GIVEN RECORDS:
◆ ◆ ◆ ◆ ◆ ◆ ◆
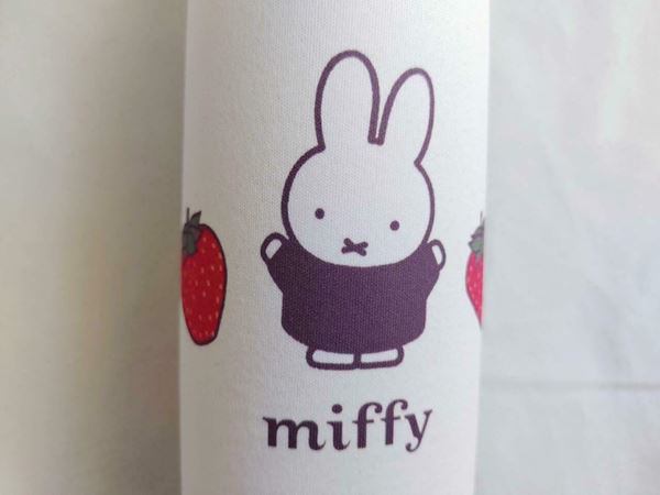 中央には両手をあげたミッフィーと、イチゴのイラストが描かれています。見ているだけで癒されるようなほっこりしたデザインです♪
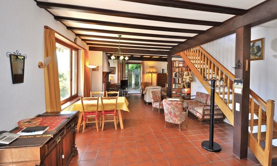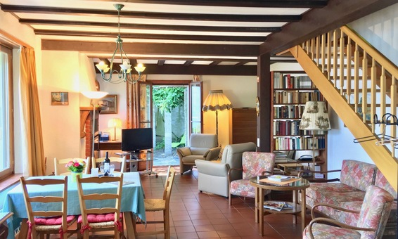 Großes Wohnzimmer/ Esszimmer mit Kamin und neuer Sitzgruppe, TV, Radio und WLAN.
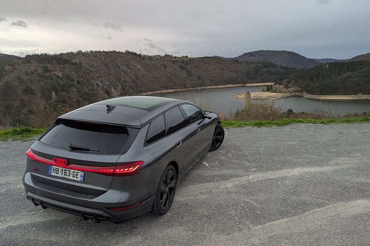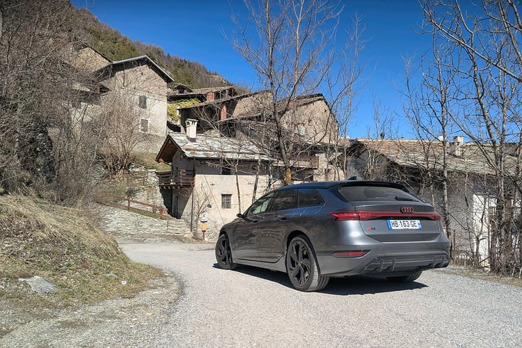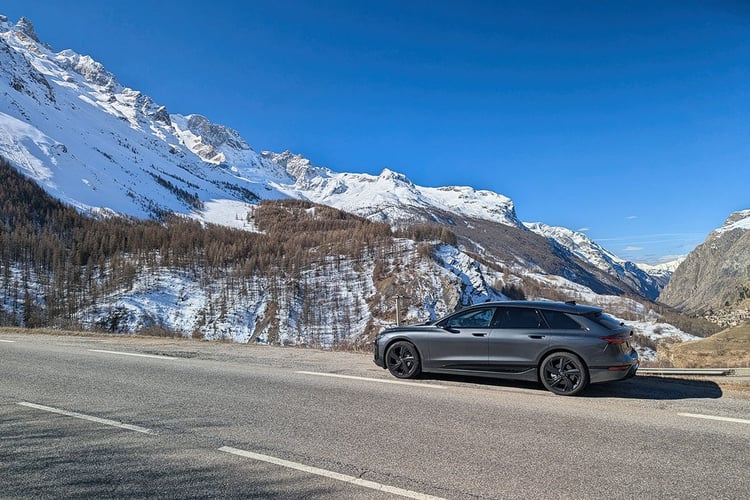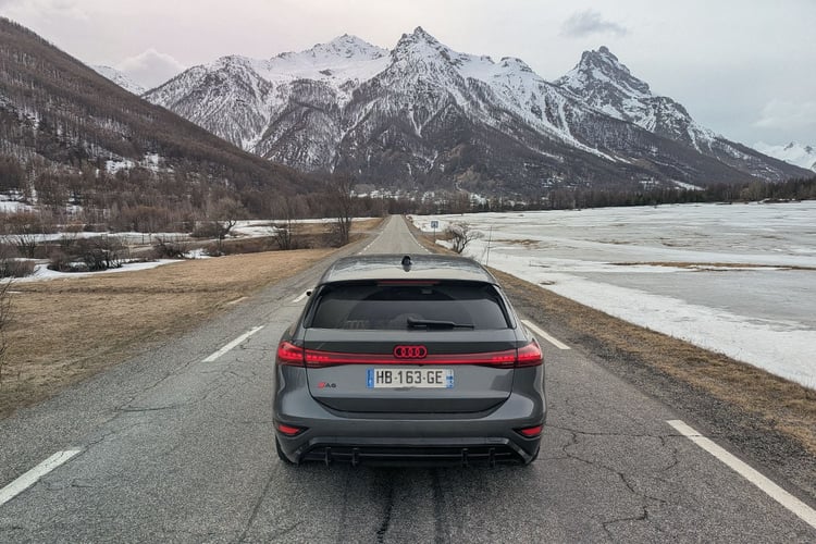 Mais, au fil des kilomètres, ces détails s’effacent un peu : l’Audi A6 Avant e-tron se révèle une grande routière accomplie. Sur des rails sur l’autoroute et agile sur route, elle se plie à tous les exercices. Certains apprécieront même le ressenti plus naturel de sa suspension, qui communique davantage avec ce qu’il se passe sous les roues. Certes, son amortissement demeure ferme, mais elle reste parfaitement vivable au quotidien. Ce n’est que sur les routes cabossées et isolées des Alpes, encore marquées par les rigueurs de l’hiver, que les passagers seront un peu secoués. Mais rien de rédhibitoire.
◆ ◆ ◆ ◆ ◆ ◆ ◆
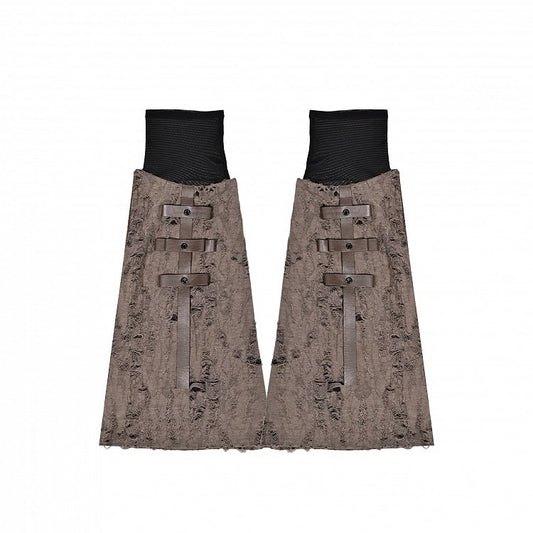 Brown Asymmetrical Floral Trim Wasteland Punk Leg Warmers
◆ ◆ ◆ ◆ ◆ ◆ ◆
WORK REQUIRED:
Reproduce exactly the lines above starting at the line containing "中央には両手をあげたミッフィ" and ending at the line containing "Großes Wohnzimmer/ Esszimmer", including both, but not the pictures.

RESPONSE BELOW:
 中央には両手をあげたミッフィーと、イチゴのイラストが描かれています。見ているだけで癒されるようなほっこりしたデザインです♪
 Großes Wohnzimmer/ Esszimmer mit Kamin und neuer Sitzgruppe, TV, Radio und WLAN.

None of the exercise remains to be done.